Thursday, 1 October 2020

British Zoo Forced To Separate Foul-Mouthed Parrots Who Wouldn't Stop Swearing At Visitors

Billy, Eric, Tyson, Jade, and Elsie who all joined Lincolnshire Wildlife Centre’s colony of 200 gray parrots in August, were removed from view this week, The Associated Press reports.

The British zoo has been forced to separate five foul-mouthed parrots who wouldn't stop swearing at visitors after they encouraged each other to keep cursing.

“We are quite used to parrots swearing, but we’ve never had five at the same time,” said the zoo’s chief executive, Steve Nichols. “Most parrots clam up outside, but for some reason these five relish it.”

According to Nichols, none of the zoo's visitors complained about the parrots, and most found them amusing.

“When a parrot tells you to ‘f-— off’ it amuses people very highly,” he said Tuesday. “It’s brought a big smile to a really hard year.”

Nichols said the parrots have been separated to save children’s ears.

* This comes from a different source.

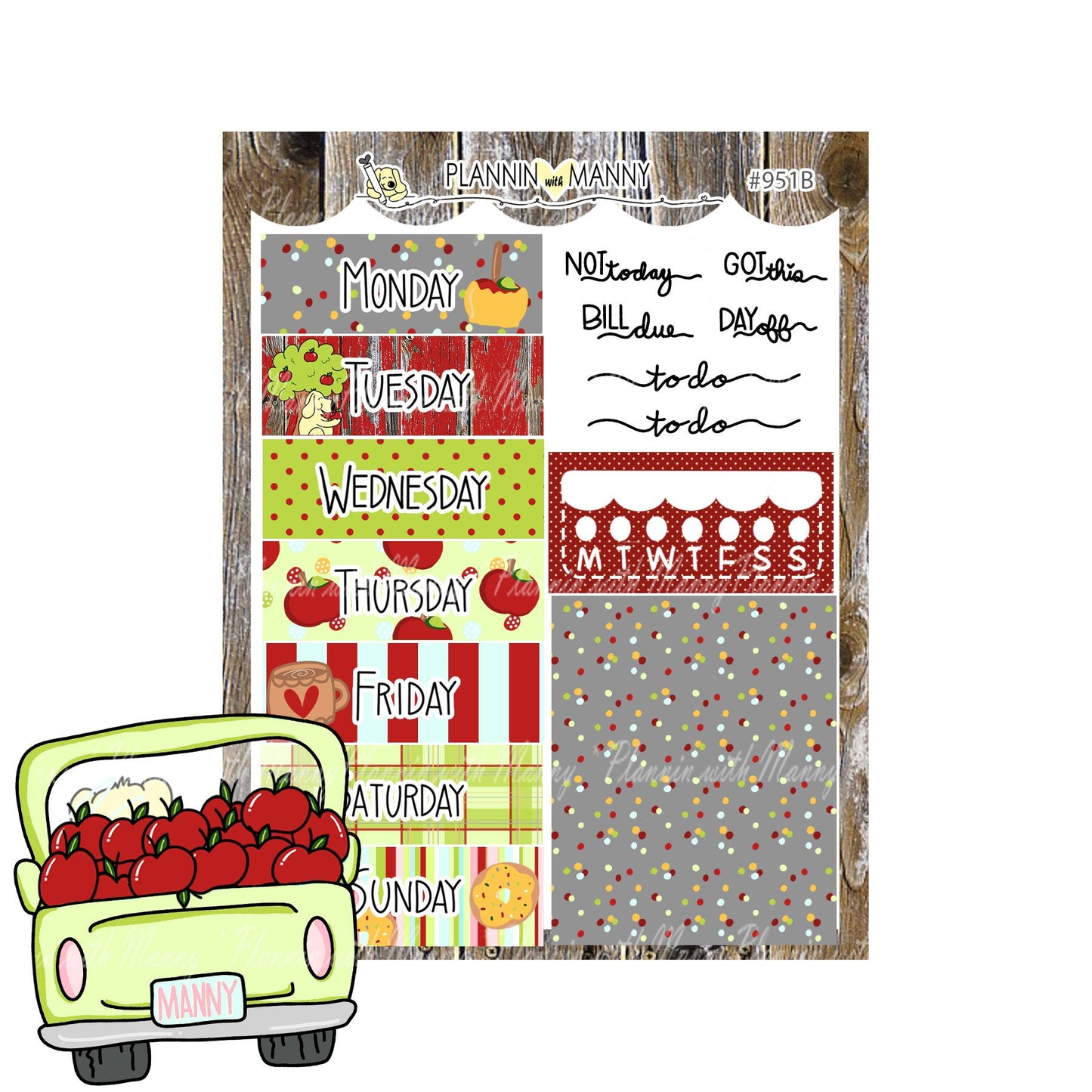 951 VERTICAL MINI Weekly Planner Stickers - Apple Days Collection

They were moved to different areas of the park so they don't “set each other off,” he said.

Nichols told BBC News that the parrots "swear to trigger reaction or a response," so seeing people shocked or laughing only encourages the birds to curse more.

"With the five, one would swear and another would laugh and that would carry on," he said.

"I'm hoping they learn different words within colonies," Nichols added. "But if they teach the others bad language and I end up with 250 swearing birds, I don't know what we'll do," he added.